Lehman’s collapse was the biggest single moment of the financial
crisis.

REUTERS/Kevin
Coombs


  • An overlooked area of the debt markets has “eerie
    similarities” to the 2008 sub-prime mortgage crisis.
  • Mark Zandi, the chief economist at the analytics arm of
    the ratings agency Moody’s, argued that rising risk taking and
    falling standards of underwriting in the corporate bond and
    leveraged debt space are a big threat.
  • The amount of leveraged loans to non-financial
    companies has now risen to around $1.4 trillion.

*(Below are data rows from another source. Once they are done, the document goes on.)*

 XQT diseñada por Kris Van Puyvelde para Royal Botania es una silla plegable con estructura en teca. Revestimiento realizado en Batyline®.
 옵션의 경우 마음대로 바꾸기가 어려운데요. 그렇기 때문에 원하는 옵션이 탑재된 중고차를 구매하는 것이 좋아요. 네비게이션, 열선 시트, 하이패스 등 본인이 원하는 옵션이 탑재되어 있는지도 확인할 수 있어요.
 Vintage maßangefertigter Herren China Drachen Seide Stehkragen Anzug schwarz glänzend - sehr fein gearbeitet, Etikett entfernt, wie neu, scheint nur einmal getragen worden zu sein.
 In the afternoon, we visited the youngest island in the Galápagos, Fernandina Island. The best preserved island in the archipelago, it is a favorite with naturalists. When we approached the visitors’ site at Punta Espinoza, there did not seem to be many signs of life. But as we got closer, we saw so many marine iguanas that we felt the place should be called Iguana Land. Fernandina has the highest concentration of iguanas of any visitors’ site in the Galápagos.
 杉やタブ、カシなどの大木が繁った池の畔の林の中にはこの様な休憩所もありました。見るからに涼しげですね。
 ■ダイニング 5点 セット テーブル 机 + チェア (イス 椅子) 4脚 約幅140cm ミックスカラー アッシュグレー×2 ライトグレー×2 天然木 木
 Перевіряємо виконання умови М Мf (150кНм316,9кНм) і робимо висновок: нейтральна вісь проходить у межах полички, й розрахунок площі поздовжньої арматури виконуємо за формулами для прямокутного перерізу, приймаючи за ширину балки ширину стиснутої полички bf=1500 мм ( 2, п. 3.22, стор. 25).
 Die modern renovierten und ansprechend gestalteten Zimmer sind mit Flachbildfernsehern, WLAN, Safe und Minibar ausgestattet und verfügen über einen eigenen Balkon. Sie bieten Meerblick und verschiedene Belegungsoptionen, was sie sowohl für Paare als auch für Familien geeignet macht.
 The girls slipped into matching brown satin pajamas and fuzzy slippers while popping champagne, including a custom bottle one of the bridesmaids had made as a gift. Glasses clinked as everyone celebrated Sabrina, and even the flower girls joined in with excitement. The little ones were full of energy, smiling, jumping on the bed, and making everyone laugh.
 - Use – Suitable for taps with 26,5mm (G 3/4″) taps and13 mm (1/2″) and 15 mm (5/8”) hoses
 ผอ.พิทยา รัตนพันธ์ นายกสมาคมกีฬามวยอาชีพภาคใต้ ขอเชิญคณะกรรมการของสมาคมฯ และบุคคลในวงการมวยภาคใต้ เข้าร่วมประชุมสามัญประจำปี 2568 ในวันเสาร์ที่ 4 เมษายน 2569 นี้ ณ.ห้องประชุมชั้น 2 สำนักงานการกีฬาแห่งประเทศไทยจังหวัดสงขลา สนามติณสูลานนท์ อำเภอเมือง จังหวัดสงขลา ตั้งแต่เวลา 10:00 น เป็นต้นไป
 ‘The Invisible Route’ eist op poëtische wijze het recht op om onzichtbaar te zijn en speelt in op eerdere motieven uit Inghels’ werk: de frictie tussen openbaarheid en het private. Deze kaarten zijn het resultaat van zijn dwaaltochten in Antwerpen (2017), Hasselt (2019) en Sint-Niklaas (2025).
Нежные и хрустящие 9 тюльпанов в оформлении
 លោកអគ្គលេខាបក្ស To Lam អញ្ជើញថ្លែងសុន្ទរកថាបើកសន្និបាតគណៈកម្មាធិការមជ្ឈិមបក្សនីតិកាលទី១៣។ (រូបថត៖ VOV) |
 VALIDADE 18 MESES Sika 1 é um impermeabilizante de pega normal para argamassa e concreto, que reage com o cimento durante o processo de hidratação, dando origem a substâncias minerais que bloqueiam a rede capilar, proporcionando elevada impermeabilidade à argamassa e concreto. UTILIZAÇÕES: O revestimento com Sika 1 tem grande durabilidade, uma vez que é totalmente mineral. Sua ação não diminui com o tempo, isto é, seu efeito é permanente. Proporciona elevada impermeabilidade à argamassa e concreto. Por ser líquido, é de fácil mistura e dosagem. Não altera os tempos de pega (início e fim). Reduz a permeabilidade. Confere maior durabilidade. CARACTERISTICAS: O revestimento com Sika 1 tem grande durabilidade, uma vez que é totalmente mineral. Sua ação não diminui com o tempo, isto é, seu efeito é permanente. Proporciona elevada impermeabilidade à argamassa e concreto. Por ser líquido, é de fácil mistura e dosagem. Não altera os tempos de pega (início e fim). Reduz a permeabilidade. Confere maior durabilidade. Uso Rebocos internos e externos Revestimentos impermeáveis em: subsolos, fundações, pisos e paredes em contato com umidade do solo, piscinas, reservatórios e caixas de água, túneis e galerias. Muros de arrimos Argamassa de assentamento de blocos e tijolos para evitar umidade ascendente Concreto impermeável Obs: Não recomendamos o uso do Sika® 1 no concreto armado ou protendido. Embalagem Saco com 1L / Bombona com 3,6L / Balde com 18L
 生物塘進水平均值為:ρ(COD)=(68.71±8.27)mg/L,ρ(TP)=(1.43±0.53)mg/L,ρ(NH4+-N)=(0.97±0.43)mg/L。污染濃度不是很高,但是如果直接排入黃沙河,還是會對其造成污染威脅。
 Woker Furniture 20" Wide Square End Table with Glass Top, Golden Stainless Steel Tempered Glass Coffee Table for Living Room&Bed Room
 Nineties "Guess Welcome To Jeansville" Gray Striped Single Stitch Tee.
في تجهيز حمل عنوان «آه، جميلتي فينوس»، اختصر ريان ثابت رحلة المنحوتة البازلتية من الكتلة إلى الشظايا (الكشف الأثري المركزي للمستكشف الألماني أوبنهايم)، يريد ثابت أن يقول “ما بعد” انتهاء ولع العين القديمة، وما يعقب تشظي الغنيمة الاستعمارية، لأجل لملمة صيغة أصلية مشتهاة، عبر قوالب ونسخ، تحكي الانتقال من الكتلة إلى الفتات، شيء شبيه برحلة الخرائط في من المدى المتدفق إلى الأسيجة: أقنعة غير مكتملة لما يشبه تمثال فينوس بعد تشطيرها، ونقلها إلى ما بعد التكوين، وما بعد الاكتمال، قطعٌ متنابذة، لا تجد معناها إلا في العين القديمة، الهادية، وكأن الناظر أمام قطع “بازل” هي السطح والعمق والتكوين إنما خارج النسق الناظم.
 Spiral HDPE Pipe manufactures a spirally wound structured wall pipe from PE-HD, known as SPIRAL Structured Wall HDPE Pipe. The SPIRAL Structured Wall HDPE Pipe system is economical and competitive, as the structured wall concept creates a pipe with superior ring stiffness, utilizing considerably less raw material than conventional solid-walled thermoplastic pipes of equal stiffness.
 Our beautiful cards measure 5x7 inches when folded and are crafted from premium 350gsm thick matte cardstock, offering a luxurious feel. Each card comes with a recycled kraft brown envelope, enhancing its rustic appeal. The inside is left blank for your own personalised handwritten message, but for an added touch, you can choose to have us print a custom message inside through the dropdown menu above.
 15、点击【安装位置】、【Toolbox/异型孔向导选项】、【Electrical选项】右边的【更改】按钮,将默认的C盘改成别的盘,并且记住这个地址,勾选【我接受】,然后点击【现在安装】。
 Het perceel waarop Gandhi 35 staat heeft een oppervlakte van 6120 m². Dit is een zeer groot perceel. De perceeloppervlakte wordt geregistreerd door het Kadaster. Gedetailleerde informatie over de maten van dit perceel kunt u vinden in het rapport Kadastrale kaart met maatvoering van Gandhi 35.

Wall Street may have just seen US stocks enter their longest bull
market in history, but there are “eerie similarities” between one
area of the market and the sub-prime mortgage crisis that
triggered the last crash in 2008, according to research from the
ratings agency Moody’s.


Writing this week,
Mark Zandi, the chief economist at the
analytics arm of Moody’s, argued that rising risk taking and
falling standards of underwriting in the corporate bond and
leveraged debt space are, at least partially, analogous to what
happened in 2007 and 2008.

Noting that we are very much in the midst of the boom period of
the business cycle, Zandi argued that such phases are generally
characterised by “excessive risk-taking somewhere in the
financial system.”

“This fuels the boom and is eventually at the center of the
subsequent bust,” he said. …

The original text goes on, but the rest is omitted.